Ukraine will receive bombs from Boeing: how they will help the Defence Forces
3 October 2024 19:45
The Boeing Company, the second largest manufacturer of precision weapons in the United States, has been awarded a multi-billion dollar contract for GBU-39 SDB-I bombs. Most of them will go to Ukraine. What is this weapon and how can it help the Defence Forces?
The GBU-39 is a small-diameter bomb. Its main task is to carry out precision surgical strikes, often in the vicinity of their troops.
That is why one of the modifications is made in a composite and carbon fibre body with a penetrating tungsten core to minimise shrapnel damage to friendly infantry nearby and to effectively use the product in urban combat. The kill zone is approximately 8 metres.
The warhead of the ammunition is small, 16 kg of explosive (in 155 mm shells this number is 10-11 kg), so jewellery precision is required – the product has a passport deviation of up to a metre, the bomb can literally be driven through a window and a dugout.
However, with its penetrating capabilities, a metre of concrete can be pierced by caponiers, and air detonation makes it possible to take out hidden manpower.
At 96kg, the aircraft can carry 4 SDB-1s on a single pylon, giving them targeting and communicating in the air via Link 16.
This provides tactical flexibility – a bunker can be hit, followed by engineering and fire trucks that arrive to clean up the aftermath, supporting the defenders right when new threats are identified (a platoon of tanks goes downhill and each receives a personalised gift).
The guidance head is combined – GPS, inertial system, and in the third iteration, the same laser used in GDAM.
This allows it to pass through areas of electronic warfare, weak satellite signals and accurately hit a moving target, including hard armoured targets.
Another noteworthy modification of the GBU-39 bomb is that it can be guided by a source of interference – working as an anti-radar missile or entering the area from which the conditional electronic warfare system “Zhitel” or “Leer” is emitting, it has a guidance head like the AGM-88 HARM, which will search for the equipment even after the signals from it stop.
According to open sources, the cost of a small-diameter bomb is approximately $45-50,000. The contract with the Ministry of Defence includes a sum of $430 million, most of which is from foreign military sales.
This means at least 7,500 units, the vast majority of which will go to Ukraine, with only a few dozen possibly going to Bulgaria.

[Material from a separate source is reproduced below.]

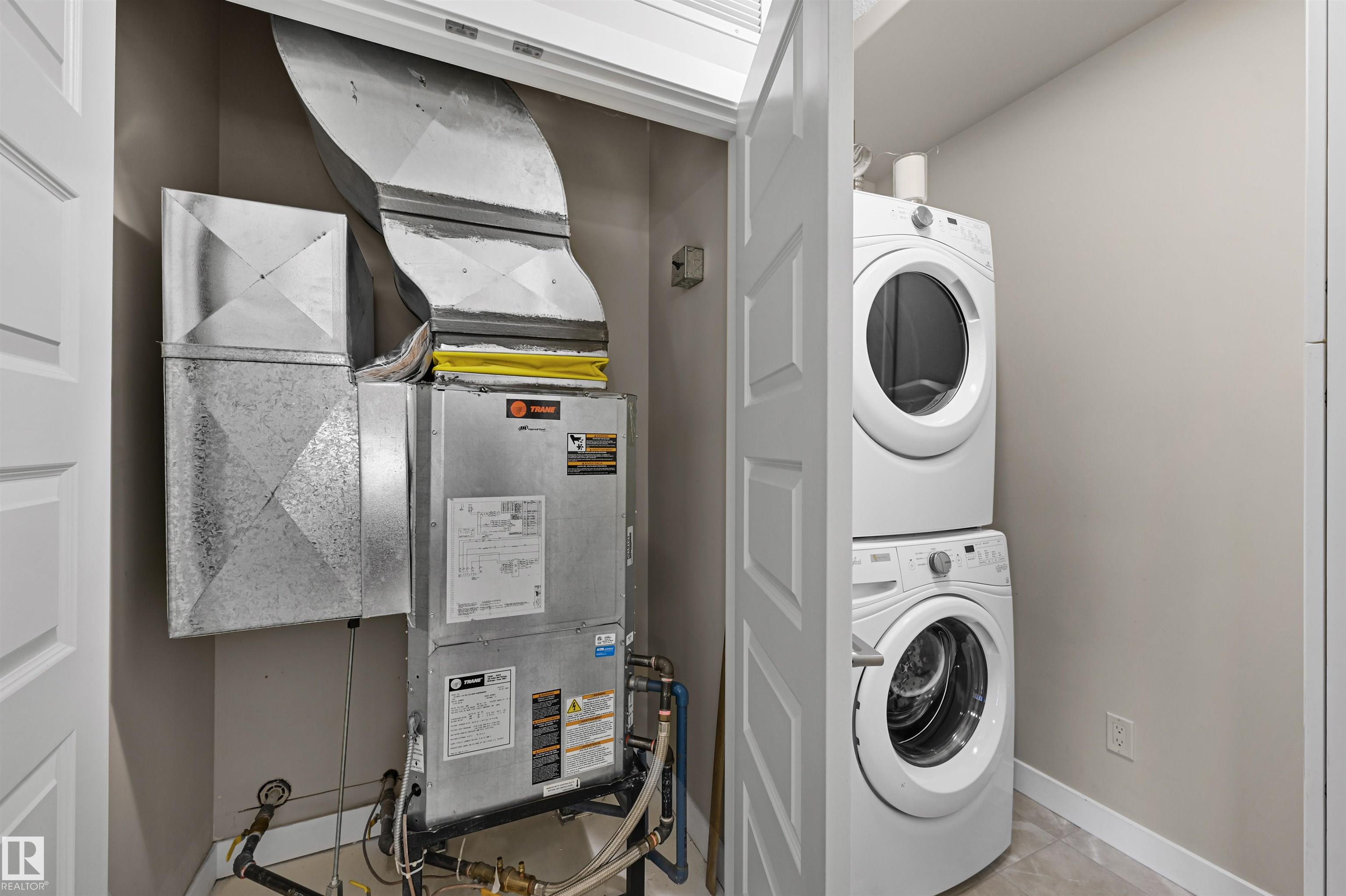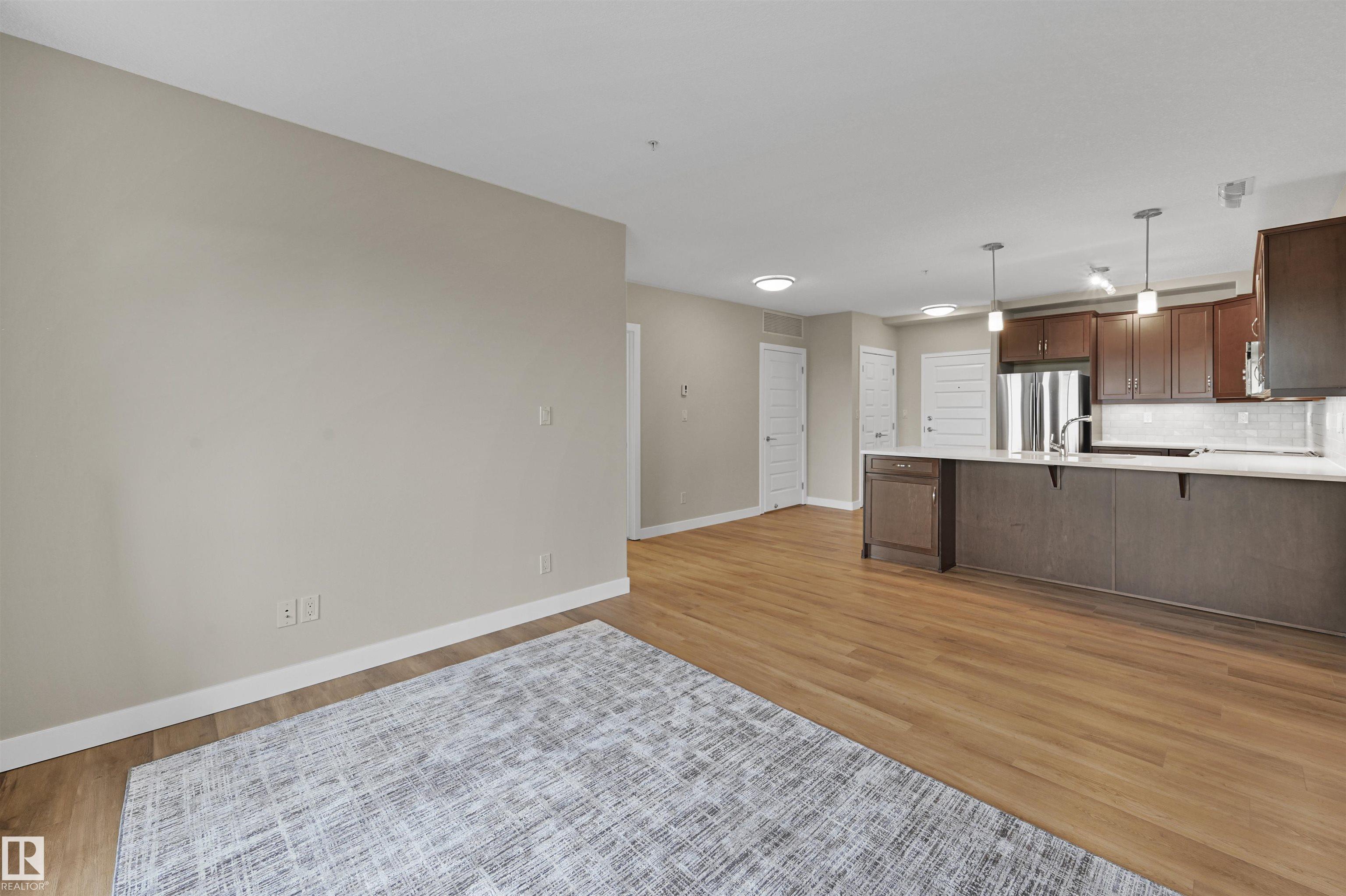 Attractive East facing one bed, one bath has amazing features inside & out. With new vinyl flooring & good parking spot, quartz counters, stainless steel appliances, under-cabinet lighting, eat up bar & balcony w/ natural gas connection. Open concept layout provides natural light through the whole unit & offers plenty of space for your furniture. Bedroom has large windows that look out onto Ermineskin Park & can accommodate full bed set + slider closet doors. 3 pc bathroom has a large easy access walk-in shower + heated tile floors. Full size washer & dryer are in the mechanical room w/ extra built in storage space. MORE features are: central A/C & underground parking stall. This building has so many unique amenities such as the "Mosaic Cove" social room that hosts movie nights, + games & activities throughout the week, exercise classes & coffee socials. Heritage Market Grill" is another special feature for easy dining. Building also has a guest suite, hair salon, car wash & workshop. This one has it ALL!

The GBU-39 has a good track record – targets in Afghanistan, northern Iraq, Hamas bunkers in Gaza (it can be sold to Israel without congressional approval, which is usually required for foreign sales), ISIS pickup trucks in Mosul.
In Ukraine, it has been successfully used since the winter of 2023, integrated into Mig-29s (former Slovakian machines are seen in the photo, but most likely not only them, as the beam holder has been upgraded), for ground tracking. In this mode, it can fly up to 40 km. Tactical rear, tactical level command, warehouses, artillery, air defence of the Arrow and Wasp level.
Although 12 km is the maximum altitude at the speed of sound, a value of 112 km was achieved in testing conditions.
At the very least, with the help of electronic warfare, false targets and drones, you can image group targets and try to hit them as hard as possible to reach important targets in the depths.
But even at 40 km, it is effective because it is virtually invisible on post-Soviet radars, difficult to intercept by any air defence systems, can strike EW and passes through jamming zones on an inertial system, bringing the bomb to the target at the final stage of the trajectory with the help of a laser.
It is a tactically flexible weapon for direct air support (CAS). Fast reaction time, accuracy, penetrating head, aerial detonation – a “dagger” to poke a building garrison, suppress a heavy weapons crew, destroy a mortar or cannon, take out drone operators, knock out air defences.
A few thousand bombs, operational-level supplies that will make the lives of our infantry easier.